Vasile Brătianu

Personal information
- Date of birth: 13 August 1967 (age 58)
- Place of birth: Brăila, Romania
- Height: 2.01 m (6 ft 7 in)
- Position: Central defender

Senior career*
- Years: Team / Apps / (Gls)
- 1986–1994: Dacia Unirea Brăila / 124 / (15)
- 1986–1989: → Petrolul Ianca (loan)
- 1994: Dinamo București / 4 / (0)
- 1995–1997: Universitatea Cluj / 59 / (10)
- 1997–1998: Oțelul Galați / 23 / (3)
- 1998–1999: Farul Constanța / 11 / (1)
- 1999: Petrolul Brăila
- Total:  / 221 / (29)

International career
- 1992: Romania B / 5 / (0)
- 1993: Romania / 1 / (0)

= Vasile Brătianu =

Romanian footballer

Vasile Brătianu (also known as Vasile Brătianu II; born 13 August 1967) is a retired Romanian footballer who played as a central defender.

==Club career==
Brătianu, nicknamed "Pluto", was born on 13 August 1967 in Brăila. He began playing football at local club Dacia Unirea during the 1986–87 Divizia B season. In the middle of the season, Brătianu joined Divizia C side Petrolul Ianca which he helped achieve promotion to the second league. However, after one season Petrolul was relegated to the third league, but he stayed with the club for another six months. Subsequently, he went back to Dacia Unirea, helping them gain promotion to the first league at the end of the 1989–90 season. Brătianu made his Divizia A debut on 12 August 1990 under coach Constantin Oțet in a 1–0 away loss to Sportul Studențesc București. During the 1992–93 season, he scored a career best of nine goals. In the same season, Dacia Unirea reached the 1993 Cupa României final where coach Ioan Sdrobiș used him the entire match in the 2–0 loss to Universitatea Craiova.

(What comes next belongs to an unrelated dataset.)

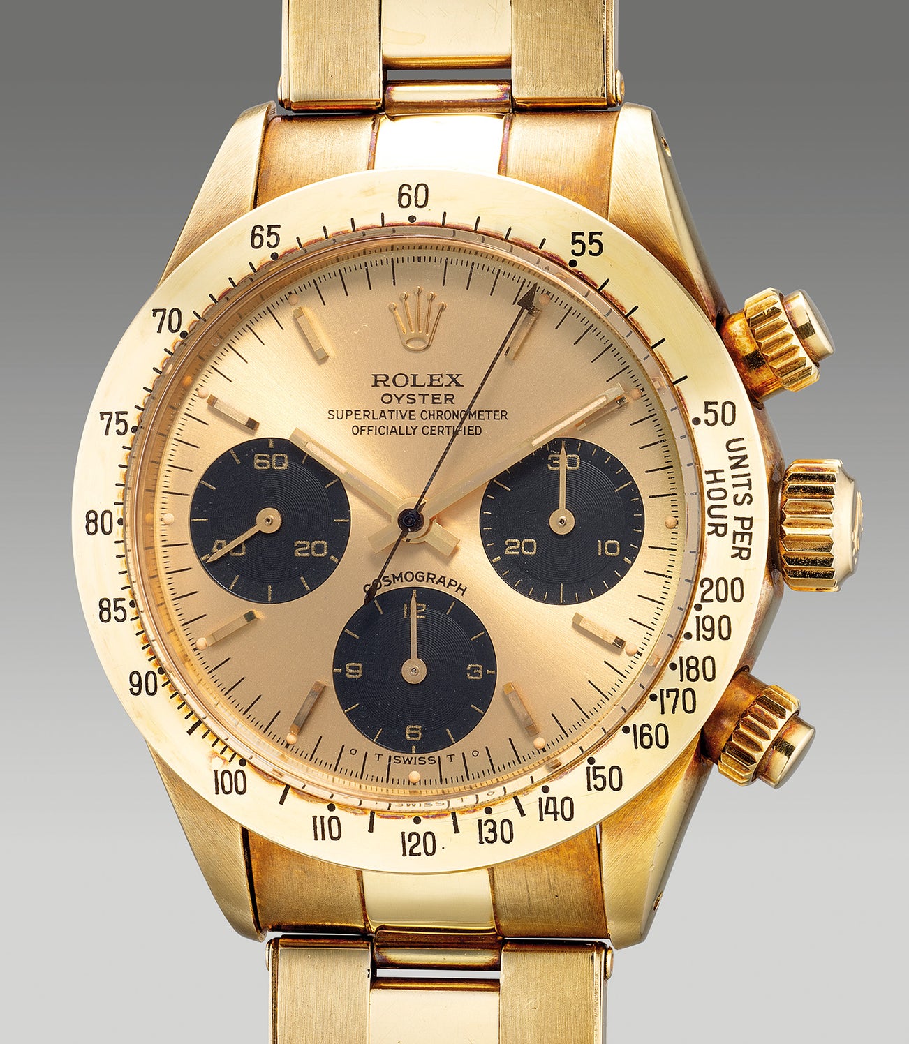 In the early 1970s, Rolex introduced the ref. 6265 together with its counterpart ref.6263 enjoying a lengthy production spanning almost 20 years ending in 1987. Throughout its production span, it is estimated that not over 2,000 examples of the reference were encased in yellow gold. From the late 1970s and onwards, gold examples featured a movement number engraved on the plate behind the balance wheel. Research suggests that this was related to the officially certified chronometer movement. Around this period, Rolex modified the dial layout for gold versions, and the ‘OCC’ designation was printed on the dial.

However, in the following season, the team was relegated, but Brătianu continued to play in Divizia A, as he signed with Dinamo București. There, he played only four league matches under coach Ion Moldovan in the first half of the 1994–95 season. He also represented The Red Dogs in one UEFA Cup match, a 2–1 away loss to Trabzonspor. Subsequently, Brătianu joined Universitatea Cluj for two and a half seasons. Then he went for the 1997–98 season at Oțelul Galați. He helped The Steelworkers secure a fourth place in the league and played in both legs of the UEFA Cup first qualifying round, where they were eliminated by HIT Gorica. Afterwards, he joined Farul Constanța where he made his last Divizia A appearances during the 1998–99 season, totaling 221 matches with 29 goals in the competition. In 1999, Brătianu went to play for Petrolul Brăila in Divizia C, where he ended his career shortly afterwards.

==International career==
In 1992, Brătianu played five matches for Romania's B team.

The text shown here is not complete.